Login

Bien réussir l’implantation d’une luzerne

Bonnes pratiques. Plusieurs essais conduits ces dernières années par Arvalis et les partenaires de l’Ouest (chambres d’agriculture de Bretagne et de Mayenne), dans le cadre du projet SOS Protein, sur le chaulage, la fertilisation, le désherbage ou les dates de semis, éclairent sur les bonnes pratiques pour réussir cette culture.

Vous devez vous inscrire pour consulter librement tous les articles.
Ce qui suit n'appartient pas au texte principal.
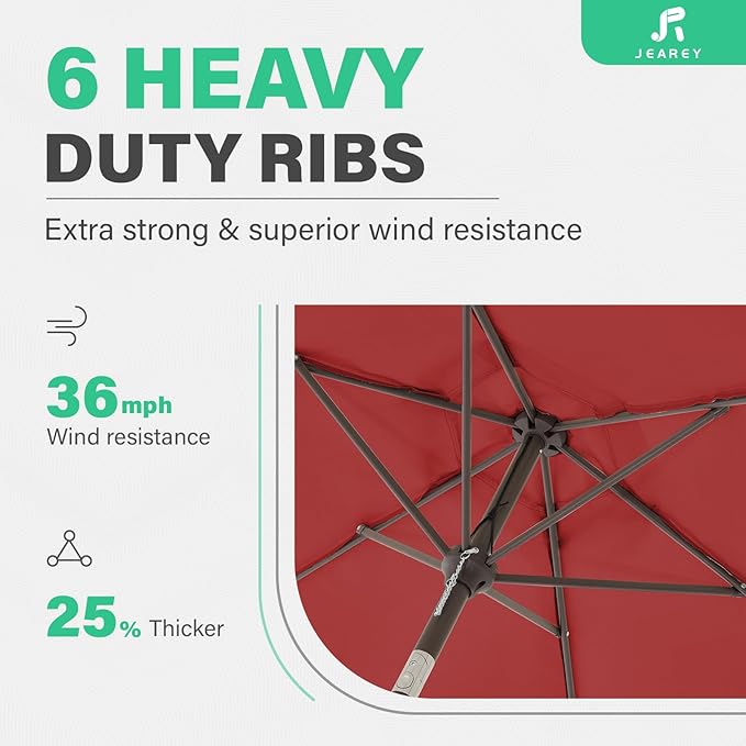 JEAREY 7.5FT Patio Umbrellas Outdoor Umbrella Table Market Umbrella with 6 Ribs,Tilt Button for Pool Deck Backyard Garden,Red

Peut-on cultiver de la luzerne partout ? La réponse est non. Le premier critère dans le choix d’une parcelle destinée à recevoir cette culture est l’hydromorphie. La luzerne ne se plaît que dans les sols sains. La station expérimentale d’Arvalis, à La Jaillière (Loire-Atlantique), en a fait l’expérience en 2014, dans une prairie multi-espèce où la luzerne n’a résisté qu’à l’aplomb des drains. Les sols hydromorphes étant bannis, la luzerne peut-elle produire dans des sols acides ? Et quelle réponse attendre de la plante aux amendements basiques ?

Un essai a été conduit à la station expérimentale en 2014, avec un suivi des rendements sur deux ans dans une parcelle sablo-limoneuse au pH initial de 5,8. L’objectif était d’augmenter ce pH à 6,5, puis à 7 avec deux formes de chaulage : du carbonate broyé ou pulvérisé, à la dose de 1 000 ou 2 000 unités.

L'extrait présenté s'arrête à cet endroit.